Rich returns with Regina and Bobby. I immediately get her a glass of wine. Someone has to drink it with me! Now Rich leaves for a third time – this time with all the guys – to get more beer. The girls stay behind and talk about all the boys. When they get back it’s almost time to eat. Regina helps in the kitchen, trying to get the food ready, but she’s running into the same problem I had earlier – we don’t know where anything is. She picks up a spice. “What is this? Is this like west coast pepper? With a different name?” I read the label. No, that’s cardamom. A different spice.
The seven of us sit down and feast. Everything is so good. Tara wants to know what everyone’s favorite is. I can’t decide. You know I can’t believe I’m saying this, because I don’t even like green bean casserole, but this one is so good! “Yea. You told me that last year, too.” Of course I did.

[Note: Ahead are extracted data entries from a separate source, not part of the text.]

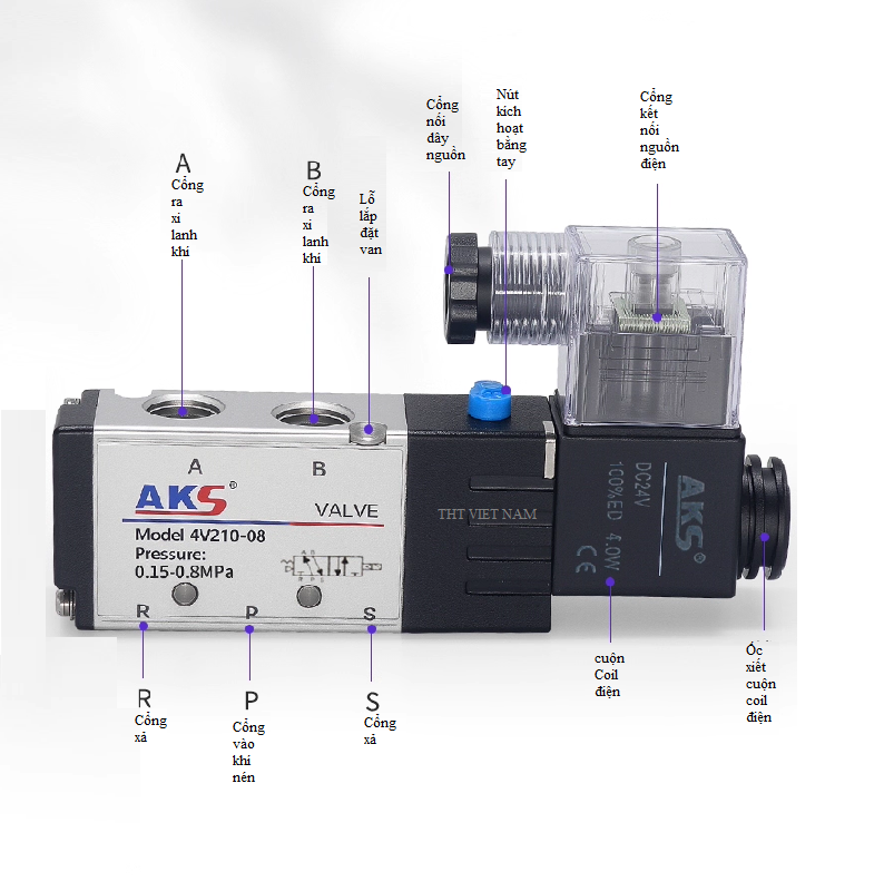 Các Cổng Khí (Air Ports): Bao gồm cổng cấp P, cổng làm việc A,B (nối với xi lanh) và cổng xả R,S.
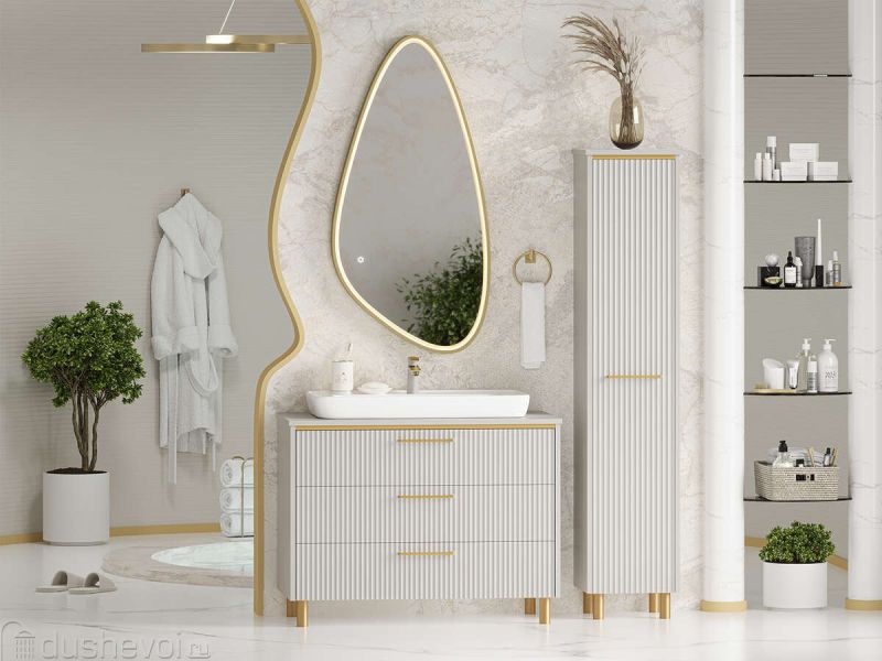 Шкаф - пенал Brevita Elche 35 R ELC-05035-010R Серый кашемир Золото Уникальные формы и гармоничные линии коллекции Elche гармонично сочетают в себе элегантность и практичность, создавая неповторимую атмосферу уюта и роскоши. Каждый предмет мебели для ванной из коллекции Elche изготовлен из высококачественных материалов, прошедших строгий контроль качества, что гарантирует их долговечность и надежность. Влагостойкие фасады, прочная фурнитура и износостойкие поверхности - все это обеспечивает максимальный комфорт и удобство в использовании на протяжении долгих лет. Характеристики:
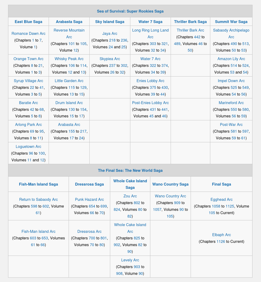 Первый крупный конфликт на Гранд Лайне. Сага значительно расширяет масштаб приключений, показывая опасности Гранд Лайн, знакомя с системой Шичибукаев и демонстрируя, как команда Луффи становится настоящей силой, способной влиять на целые королевства.
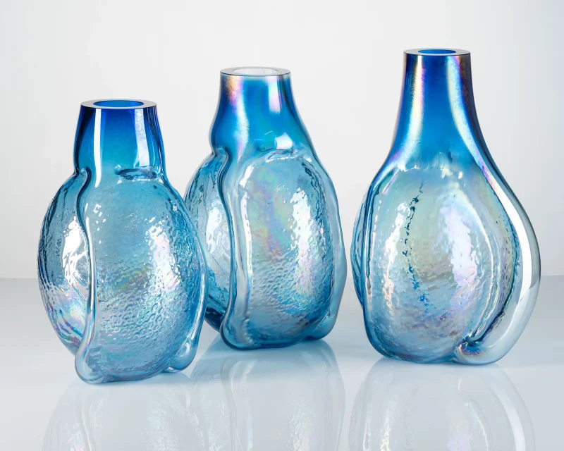 Since 2018, Anna Jožová has been creating a series of original vases, always responding to a currently explored theme. Some of these series are therefore partly related to each other, thus shifting the artistic and technological approach to new positions. Her most important creative theme so far is a reflection on the impact of human intervention on the environment, which she addresses, for example, in the Gaia, Keto and Nava series. At the same time, Anna Jožová's work is able to look back with a certain amount of humour at some moments of our everyday life (the Coquettes series, the Lisa vase, Hangover) and in some cases her work is almost a philosophical meditation on the existence of man and his connection to a certain time and place (the Kairo series, Chrono)
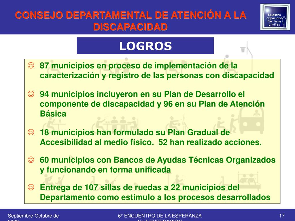 LOGROS • 87 municipios en proceso de implementación de la caracterización y registro de las personas con discapacidad • 94 municipios incluyeron en su Plan de Desarrollo el componente de discapacidad y 96 en su Plan de Atención Básica • 18 municipios han formulado su Plan Gradual de Accesibilidad al medio físico. 52 han realizado acciones. • 60 municipios con Bancos de Ayudas Técnicas Organizados y funcionando en forma unificada • Entrega de 107 sillas de ruedas a 22 municipios del Departamento como estimulo a los procesos desarrollados 6° ENCUENTRO DE LA ESPERANZA Y LA SUPERACIÓN
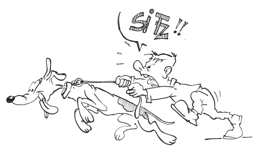 Der Hund lernt, eine gestellte Person (den sogenannten Helfer) zu verbellen, ihn zu beobachten und auf Kommando zu reagieren. Wenn er zupackt, dann nur auf Anweisung und er muss sofort lösen, sobald der Hundeführer das befiehlt.
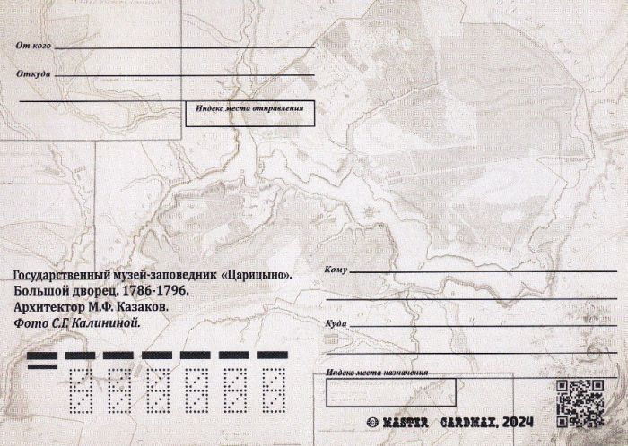 — Я много печатаю карточек с авторских снимков с согласия авторов. Мне их специально присылают. К примеру, авторская фотография для картмаксимума к юбилею ГМЗ «Царицыно». Она любезно предоставлена самим сотрудником музея из личного архива для изготовления макета. Комментарий сотрудника ГМЗ «Царицыно»: «Кстати, все официальные филателистические выпуски ‒ блок, КПД и штемпель — были разработаны при активном участии научных сотрудников и дизайнеров самого музея».
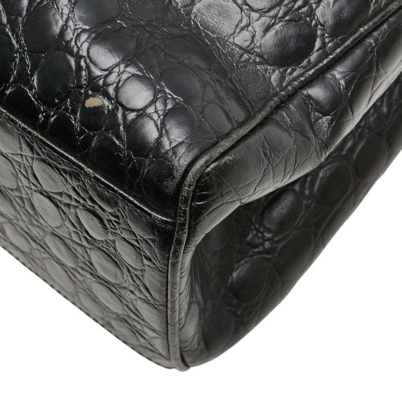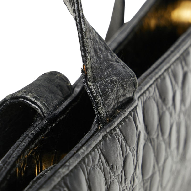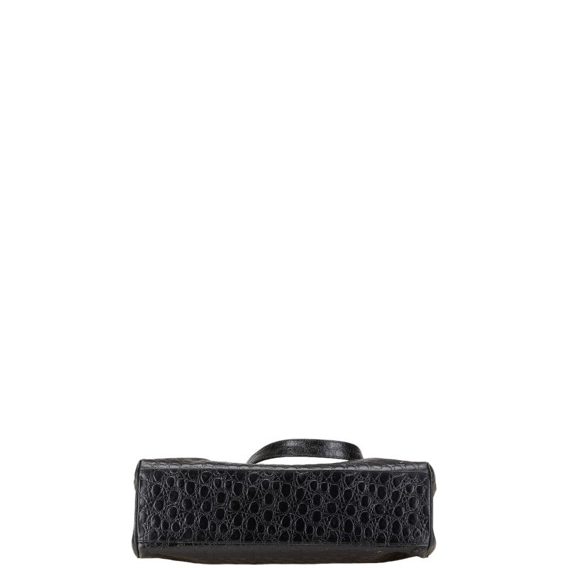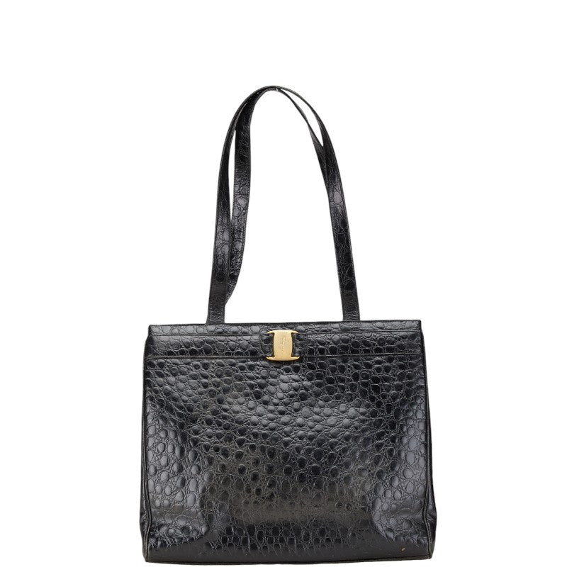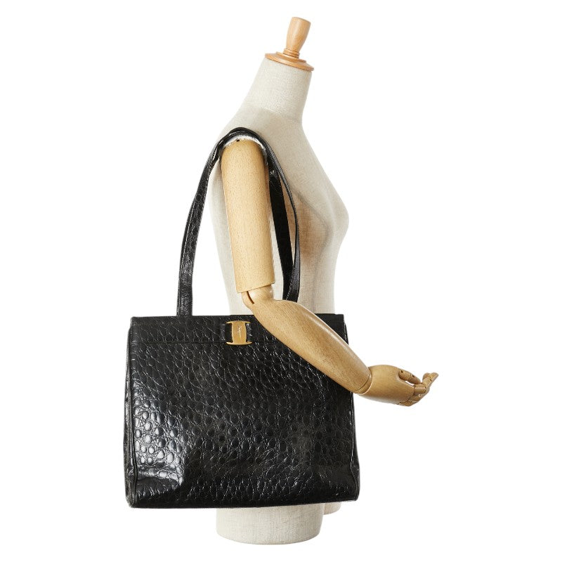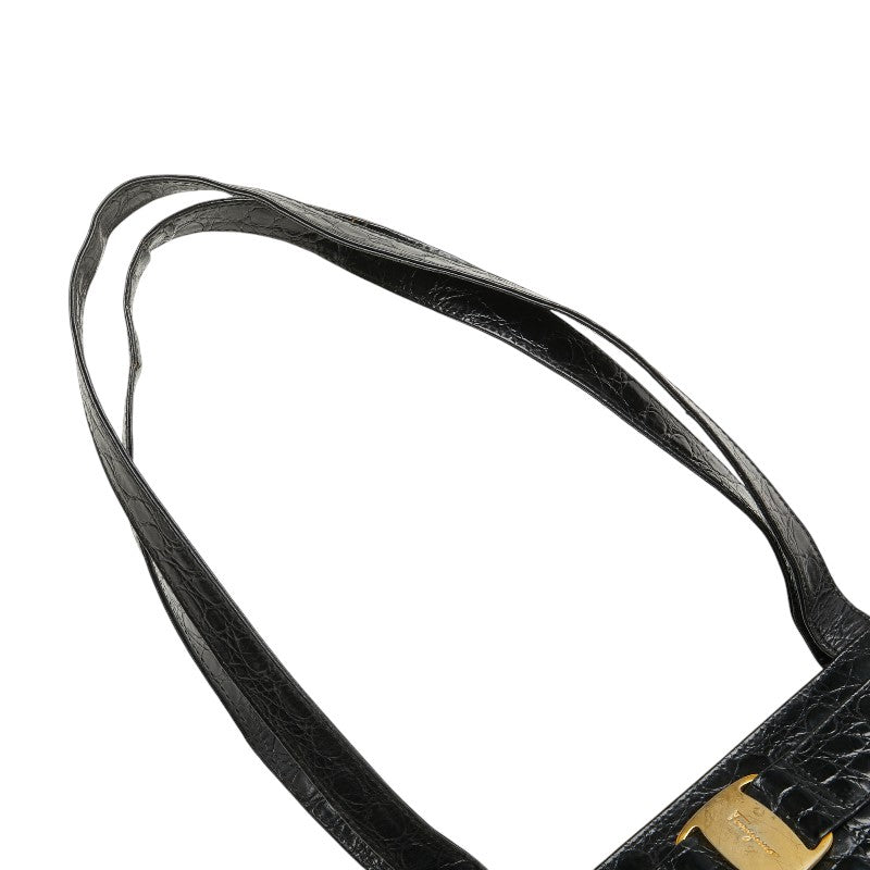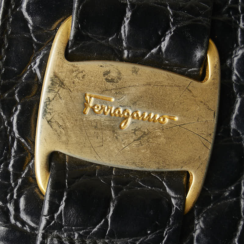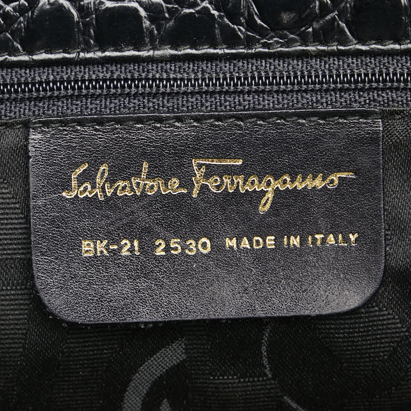 サルヴァトーレフェラガモ ヴァラ クロコ型押し ハンドバッグ トートバッグ BK-21 2530 ブラック レザー レディース Salvatore Ferragamo 【中古】
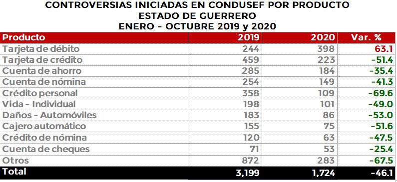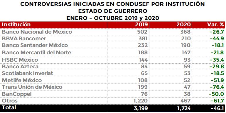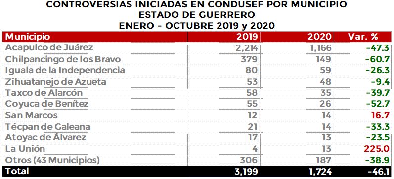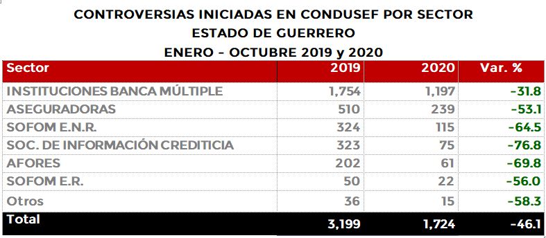 La Comisión Nacional para la Protección y Defensa de los Usuarios de Servicios Financieros (CONDUSEF) informa sobre las controversias iniciadas en el estado de Guerrero en el periodo enero-octubre de 2020 en comparación con el mismo periodo de 2019.
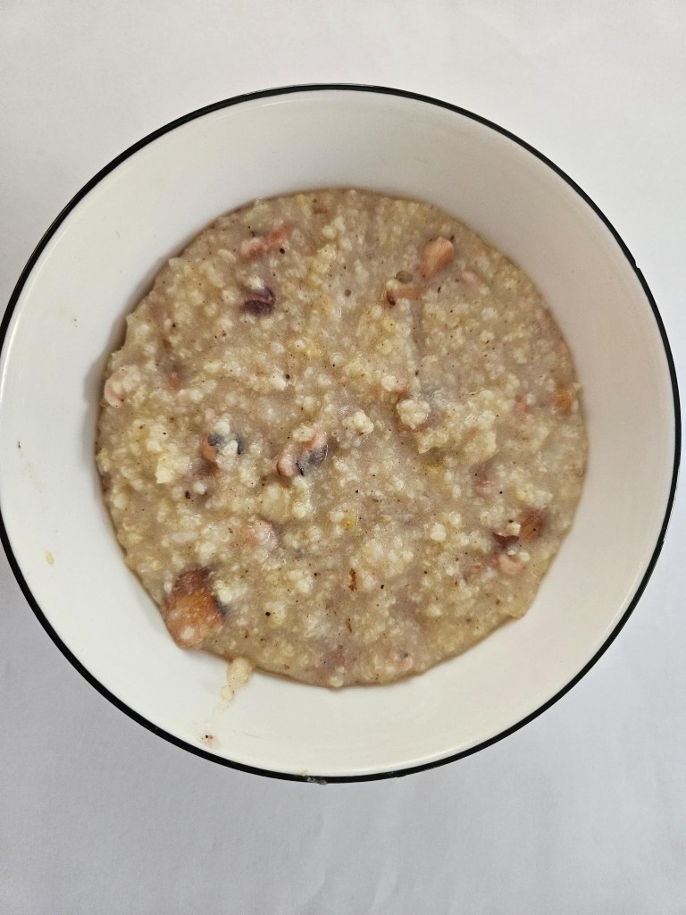 - Dans une grande casserole, y ajouter les graines de lotus et les noix de renard , le millet queue de renard, le bouillon ou le lait , le gingembre, la muscade, le yam chinois (si utilisé). Porter à ébullition puis réduire le feu à minimum. Couvrir et laisser mijoter pendant 30 minutes, tout en brassant de temps à autres afin que le porridge ne colle pas. Le porridge est cuit lorsque le millet est devenu complètement moelleux.

After dinner I feel like I could pass out. I do. Wish I didn’t, because I wake up an hour later all groggy and tired. I head back to the kitchen to make chocolate chip pecan pie. I’ve never made this before so I hope it turns out OK. In the meantime, I put out the chocolate chip cookies I made earlier this week. I don’t have an electric mixer, and I only have one baking sheet, and controlling the temperature in my oven isn’t really possible, so it took almost all day to make one batch of cookies. It was worth it though, because everyone loves them! Yes!
Tara, Mike, and I take a ride on the golf cart. She made a plate of food for the security guard at the front gate. He’s not as excited as either of us figured he would be. Maybe we weren’t the first people to drop off food. At least Mike is thoroughly enjoying the ride. He stands on the back, yelling as we ride over road bumps. Everyone is dead when we get back. We lay around watching a movie, not really paying attention. I’m full, I’m drunk, I’m tired. It’s Thanksgiving. That sounds about right.